There are four main DBI classes. Three which are each extended by individual database backends:

  • DBIObject: a common base class for all DBI.

  • DBIDriver: a base class representing overall DBMS properties. Typically generator functions instantiate the driver objects like RSQLite(), RPostgreSQL(), RMySQL() etc.

  • DBIConnection: represents a connection to a specific database

  • DBIResult: the result of a DBMS query or statement.

All classes are virtual: they cannot be instantiated directly and instead must be subclassed.

The following history of DBI was contributed by David James, the driving force behind the development of DBI, and many of the packages that implement it.

The idea/work of interfacing S (originally S3 and S4) to RDBMS goes back to the mid- and late 1990's in Bell Labs. The first toy interface I did was to implement John Chamber's early concept of "Data Management in S" (1991). The implementation followed that interface pretty closely and immediately showed some of the limitations when dealing with very large databases; if my memory serves me, the issue was the instance-based of the language back then, e.g., if you attached an RDBMS to the search() path and then needed to resolve a symbol "foo", you effectively had to bring all the objects in the database to check their mode/class, i.e., the instance object had the metadata in itself as attributes. The experiment showed that the S3 implementation of "data management" was not really suitable to large external RDBMS (probably it was never intended to do that anyway). (Note however, that since then, John and Duncan Temple Lang generalized the data management in S4 a lot, including Duncan's implementation in his RObjectTables package where he considered a lot of synchronization/caching issues relevant to DBI and, more generally, to most external interfaces).

Back then we were working very closely with Lucent's microelectronics manufacturing --- our colleagues there had huge Oracle (mostly) databases that we needed to constantly query via SQL*Plus. My colleague Jake Luciani was developing advanced applications in C and SQL, and the two of us came up with the first implementation of S3 directly connecting with Oracle. What I remember is that the Linux PRO*C pre-compiler (that embedded SQL in C code) was very buggy --- we spent a lot of time looking for workarounds and tricks until we got the C interface running. At the time, other projects within Bell Labs began using MySQL, and we moved to MySQL (with the help of Doug Bates' student Saikat DebRoy, then a summer intern) with no intentions of looking back at the very difficult Oracle interface. It was at this time that I moved all the code from S3 methods to S4 classes and methods and begun reaching out to the S/R community for suggestions, ideas, etc.

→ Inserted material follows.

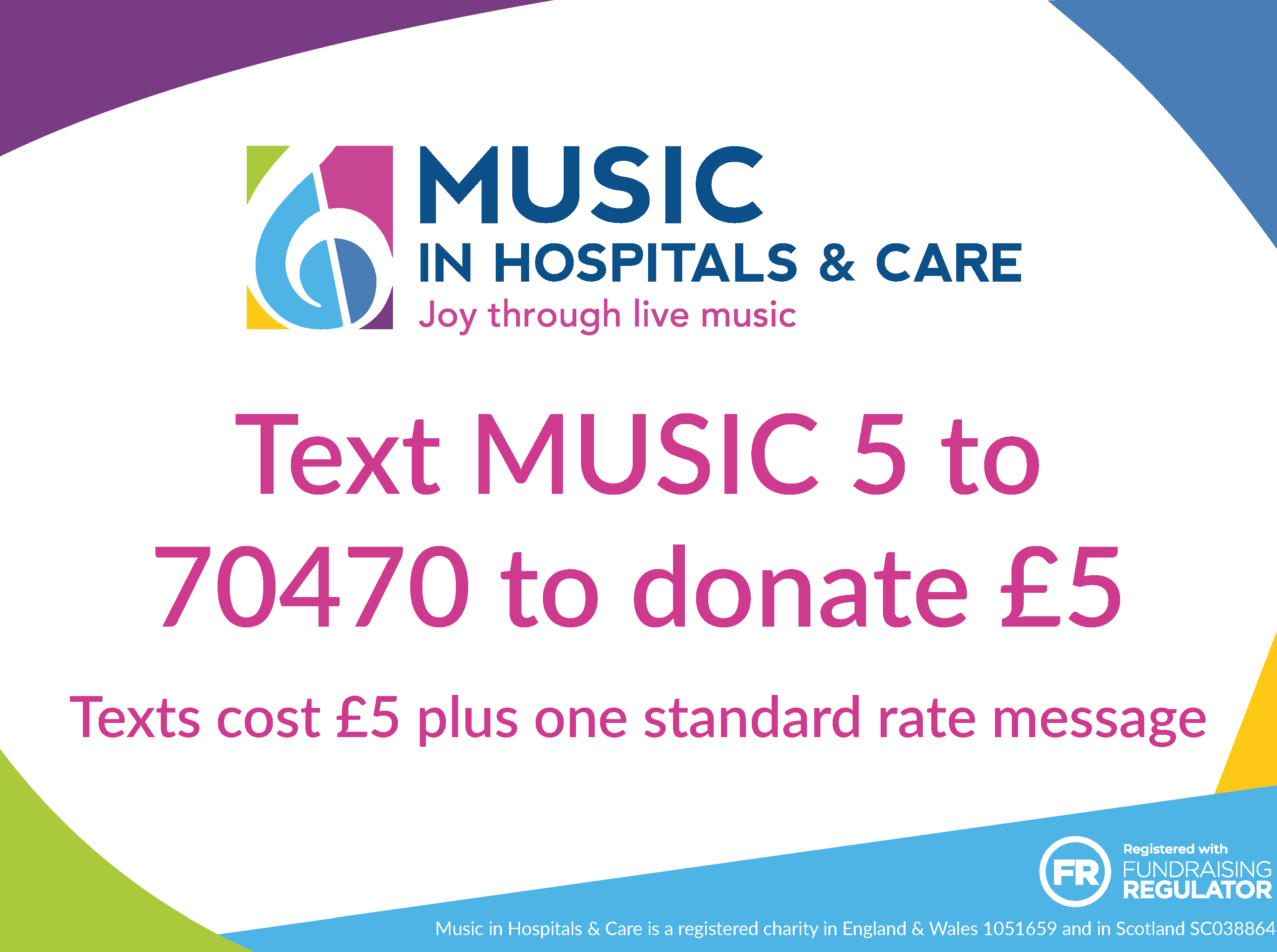 Please give today to help improve the health and wellbeing of children and adults through the healing power of live music.

All (most) of this work was on Bell Labs versions of S3 and S4, but I made sure it worked with S-Plus. At some point around 2000 (I don't remember exactly when), I ported all the code to R regressing to S3 methods, and later on (once S4 classes and methods were available in R) I re-implemented everything back to S4 classes and methods in R (a painful back-and-forth). It was at this point that I decided to drop S-Plus altogether. Around that time, I came across a very early implementation of SQLite and I was quite interested and thought it was a very nice RDBMS that could be used for all kinds of experimentation, etc., so it was pretty easy to implement on top of the DBI.

Within the R community, there were quite a number of people that showed interest on defining a common interface to databases, but only a few folks actually provided code/suggestions/etc. (Tim Keitt was most active with the dbi/PostgreSQL packages --- he also was considering what he called "proxy" objects, which was reminiscent of what Duncan had been doing). Kurt Hornick, Vincent Carey, Robert Gentleman, and others provided suggestions/comments/support for the DBI definition. By around 2003, the DBI was more or less implemented as it is today.

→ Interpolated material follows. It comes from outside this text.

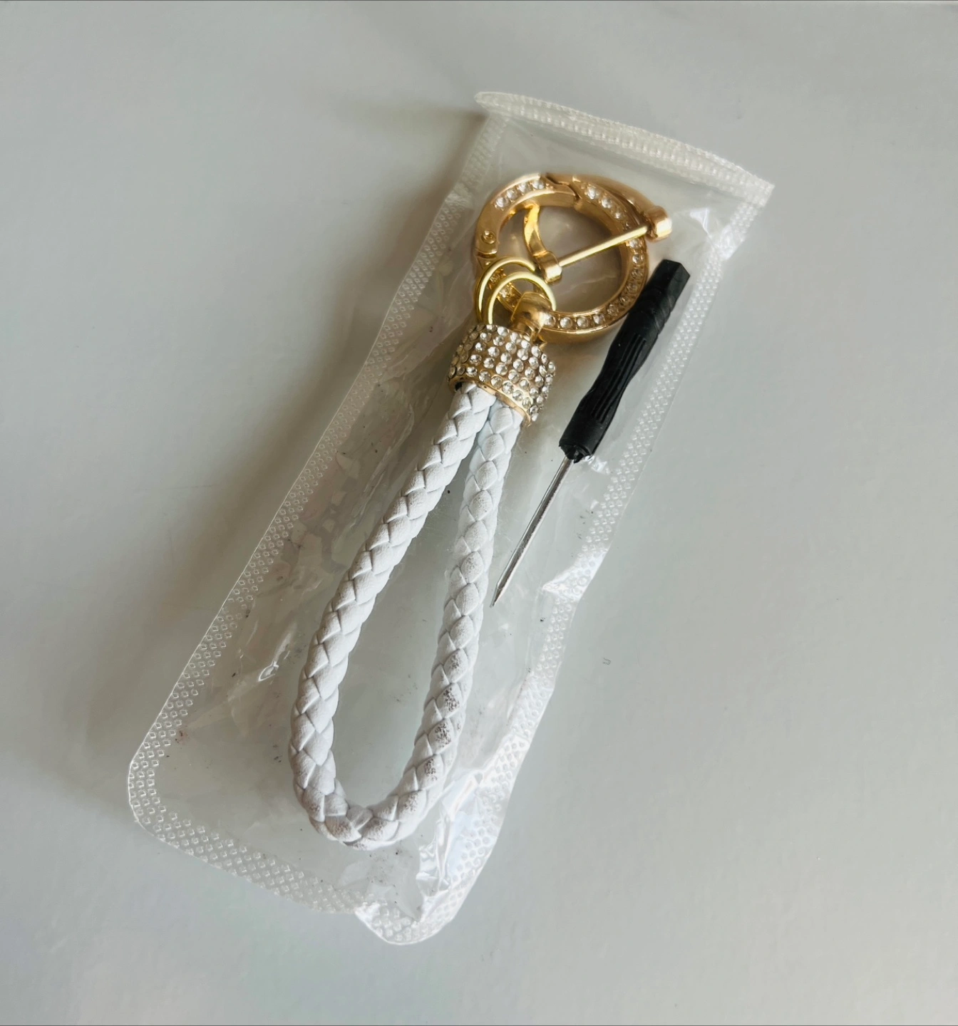 Cute rhinestone keychain with a braided white strap and gold accents! It comes with a little screwdriver as well. Perfect for adding a bit of sparkle to your keys or bag

I'm sure I'll forget some (most should be in the THANKS sections of the various packages), but the names that come to my mind at this moment are Jake Luciani (ROracle), Don MacQueen and other early ROracle users (super helpful), Doug Bates and his student Saikat DebRoy for RMySQL, Fei Chen (at the time a student of Prof. Ripley) also contributed to RMySQL, Tim Keitt (working on an early S3 interface to PostgrSQL), Torsten Hothorn (worked with mSQL and also MySQL), Prof. Ripley working/extending the RODBC package, in addition to John Chambers and Duncan Temple-Lang who provided very important comments and suggestions.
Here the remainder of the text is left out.